We investigated the effects of statins in a transgenic (tg) mouse model of NFTs, the double-mutant (DM) P301S/K257T that expresses tau protein under the regulation of the authentic tau promoter (DM-Tau-tg) (23). After statin treatment, we demonstrated a marked reduction in tau pathology/NFT burden assessed in independent studies; a decrease could be detected after short-term (i.e. 1 month) or long-term (i.e. 5 months) statin therapy using both blood-brain barrier (BBB)-permeable (simvastatin) and BBB-impermeable (atorvastatin) statins and in both normocholesterolemic and hypercholesterolemic mice. An improvement in memory deficits was also identified in young mice. Other cholesterol-lowering strategies resulted in only a limited anti-NFT effect, indicating that cholesterol lowering is not a major mechanism for reducing the NFT burden. A corresponding decrease in microglia burden in the CNS under statin therapy suggests that this process involves an anti-inflammatory activity, a possibility in accord with studies by us and others that indicate that induction of NFT pathology may involve immune-mediated mechanisms (24-27).
MATERIALS AND METHODS
The mouse model used was previously generated and described by us. These tg mice (DM-Tau-tg mice) express the human DM tau protein (P301S/K257T) regulated by the natural tau promoter. These mice exhibit a wide spectrum of features characteristic to tauopathy and AD, including NFTs in neurons as well as in glial cells, severely degenerated neurons, astrogliosis, plaquelike (i.e. amyloid-free) structures, anxiety, cognitive deficits, and in vivo long-term potentiation deficit (23). The DM-Tau-tg mice were crossed with CB6F1 mice to obtain tg offspring that were identified by polymerase chain reaction analysis of tail genomic DNA. All animal experiments were approved by the Animal Ethics Committee.
The study design is summarized in the Table.
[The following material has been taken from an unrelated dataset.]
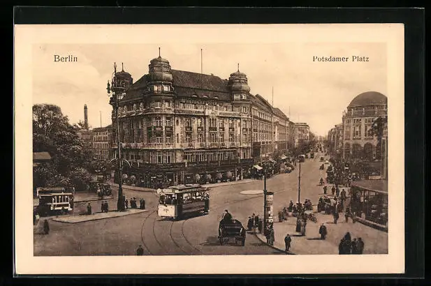 AK Berlin, Potsdamer Platz mit Strassenbahn
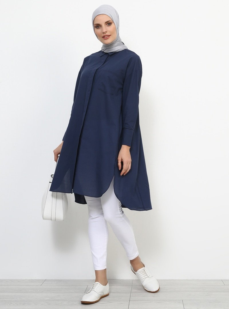 Refka Lacivert Doğal Kumaşlı Gizli Düğmeli Tunik

In a pilot study (Experiment I), 9-month-old DM-Tau-tg mice, fed with standard mouse low-fat diet (4% fat; Koffolk, Tel Aviv, Israel), were treated daily with or without 20 mg/kg simvastatin (Teva, Jerusalem, Israel) intraperitoneally for 1 month (n = 6/group). In a second experiment (Experiment II), 4-month-old DM-Tau-tg mice were treated with or without 30 mg/kg simvastatin in drinking water for 8 months (n = 14-16/group) with the standard mouse low-fat diet.
TABLE. Treatment Des...Image Tools
In Experiment III, 4-month-old DM-Tau-tg mice were treated for 5 months with or without 0.01% atorvastatin (Pfizer, Morris Plains, NJ) (28) or with 0.005% cholesterol-lowering drug ezetimibe (Merck Sharp & Dohme, Cramlington, UK) (wt/wt) mixed in a high-fat chow diet ("western": enriched with 21 g percent fat, 40 kcal percent butterfat, 0.15% [wt/wt] cholesterol diet [Research Diets, New Brunswick, NJ] ; n = 6-8/group). In Experiment IV, 5-month-old DM-Tau-tg mice were fed for 5 months with the western or standard diet (n = 5-6/group).
Examination of Cholesterol Levels
Plasma samples were collected at the end of the studies, and total cholesterol levels were determined (30).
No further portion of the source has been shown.